Your reply must contain the full listing below, reproduced exactly, but no pictures.

Recorded data ->
▼

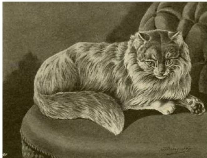
Fig. 17. Persische Katze.

Die Khorassan- oder persische Katze (Fig. 17) scheint eine Abart der Angora-Katze zu sein, ihr Haar ist indes etwas wolliger, lockiger, doch immerhin noch von besonderer Länge. Die Farbe ist dunkel-blaugrau. Was Schönheit anbelangt, steht sie der Angora-Katze ziemlich nahe, doch ist sie weit seltener wie Diese.
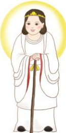
大日靈貴 おおひるめのみこと

▲

Expected answer ->
Fig. 17. Persische Katze.

Die Khorassan- oder persische Katze (Fig. 17) scheint eine Abart der Angora-Katze zu sein, ihr Haar ist indes etwas wolliger, lockiger, doch immerhin noch von besonderer Länge. Die Farbe ist dunkel-blaugrau. Was Schönheit anbelangt, steht sie der Angora-Katze ziemlich nahe, doch ist sie weit seltener wie Diese.
大日靈貴 おおひるめのみこと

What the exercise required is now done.